This post is older than 2 years and might not be relevant anymore
More Info: Consider searching for newer posts

Is it at all necessary to integrate CRC when using notification?

Suppose you want to send 20 bytes of data using API sd_ble_gatts_hvx, do you need to punctuate the first 16 or so data within the 20 bytes sent with a CRC ?

it may seem unnecessary as BLE stack in itself is quite reliable, but I'm still puzzled by these few lines found within the BLE stack specification:

3.1 ERROR CHECKING At packet reception, the Access Address shall be checked first. If the Access Address is incorrect, the packet shall be rejected, otherwise the packet shall be considered received. If the CRC is incorrect, the packet shall be rejected, otherwise the packet shall be considered valid. A packet shall only be processed if the packet is considered valid. A packet with an incorrect CRC may cause a connection event to continue,

and:

The slave shall always send a packet if it receives a packet from the master regardless of a valid CRC match, except after multiple consecutive invalid CRC matches as specified in Section 4.5.6

My understanding is that the communication should have a zero-tolerance policy regarding wrong CRCs, or else it's meaningless, upon receiving a mismatching CRC, either slave or master shall inform the other by either sending a control packet of some sort, or stall the comm and cause the entire established link to start over. The quoted paragraphs of the specification makes it look like as if it is necessary to have a CRC at a higher level. May be I'm misinterpreting all of this?
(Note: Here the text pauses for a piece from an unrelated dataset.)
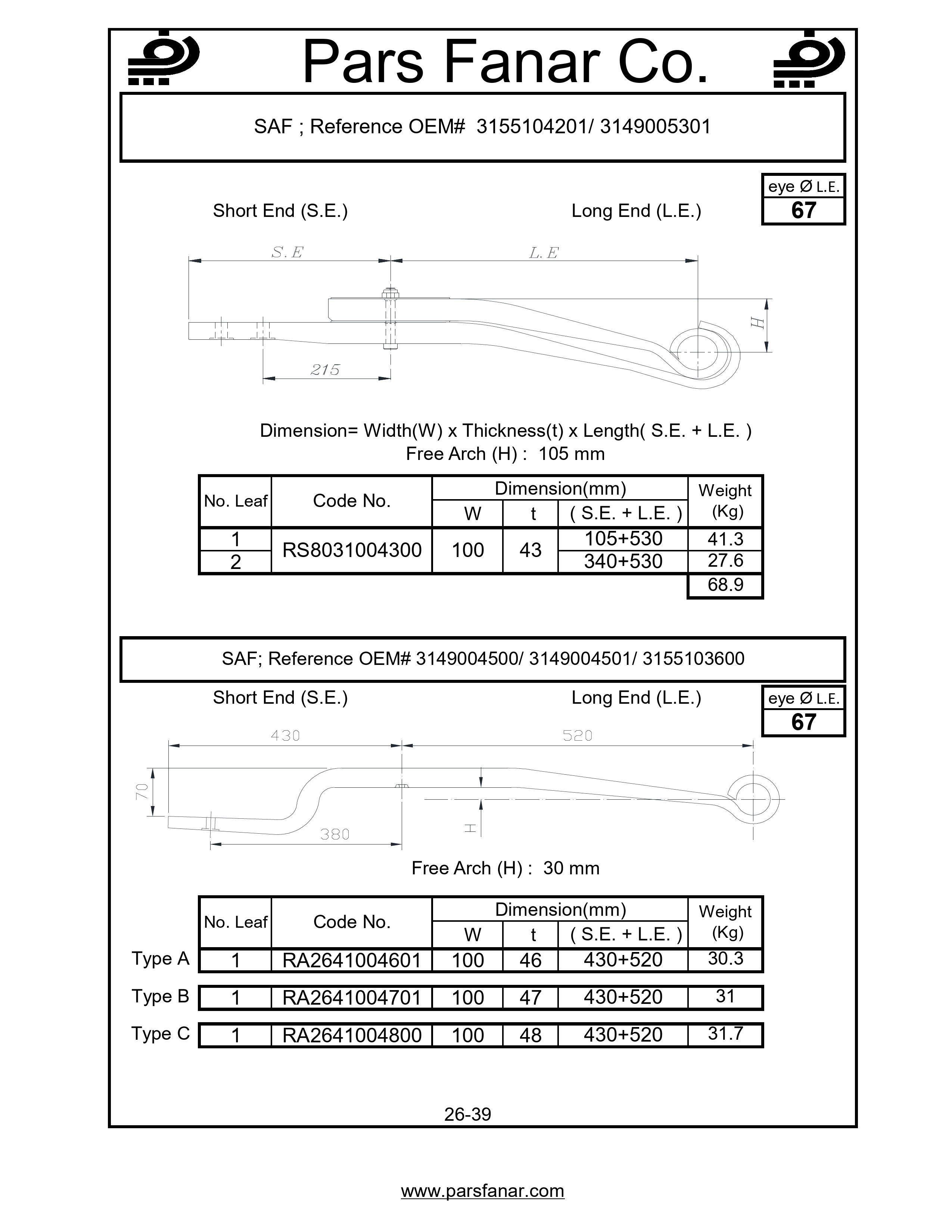 | Free arc (H) flat spring | 105 |

  • You're misinterpreting all of that. A packet with a bad CRC is not passed out of the stack, all this is talking about is how connection events can and do continue even when a bad CRC packet is received, ie just getting garbled data doesn't either break the connection nor does it stop devices continuing to talk to each other.
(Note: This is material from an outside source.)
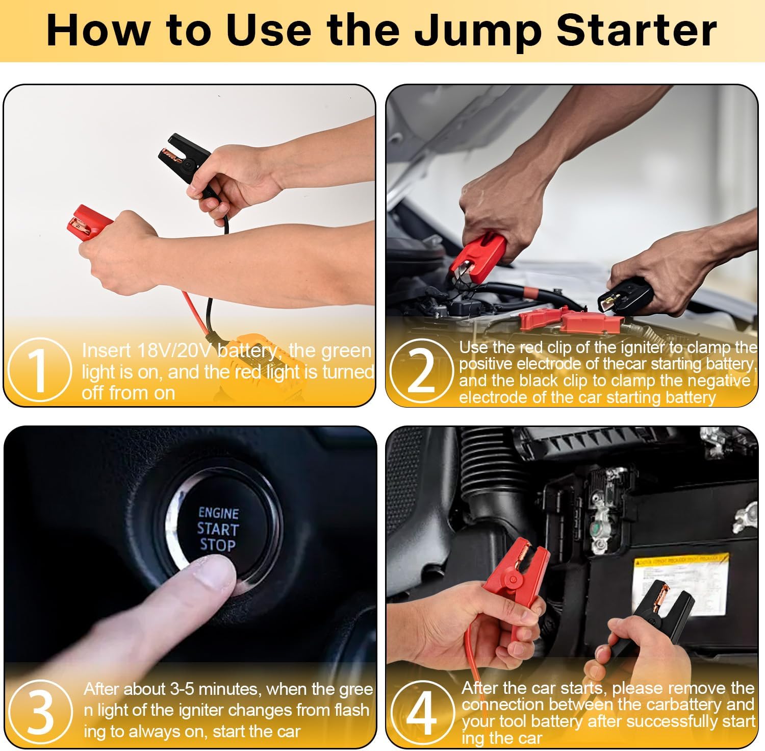 Jump Starter Compatible with Dewalt 18/20V Battery - Heavy Duty 11AWG Jump Starter Cable (1.2FT), Car Battery Booster Using Power Tool Batteries (Battery not Included)

    The back CRC packet however will not be ACKed, will not be passed to the application and will be re-sent until it's received properly or the maximum number of failures occurs at which point the connection will be torn down.

  • I see. So the wording of the document is misleading. Instead of "A packet with an incorrect CRC may cause a connection event to continue" it should have said " It is possible that a packet with an incorrect CRC doesn't cause a connection event to be terminated"

  • The Core Specification is not a description of how implementations of the protocol stack works, but rather a set of instructions for the protocol stack implementers.

    "A packet with an incorrect CRC may cause a connection event to continue, as specified in Section 4.5.1." contains direct instructions to the implementer (taking the reference into account) and is not just a hint of what may happen.

    "It is possible that a packet with an incorrect CRC doesn't cause a connection event to be terminated" sounds more like a description to a bystander of what happens, which is not the intention of the spec.

  • Thank you Øyvind, your tortuous way of pointing out the lack of professionalism in my phrasing is duly noted.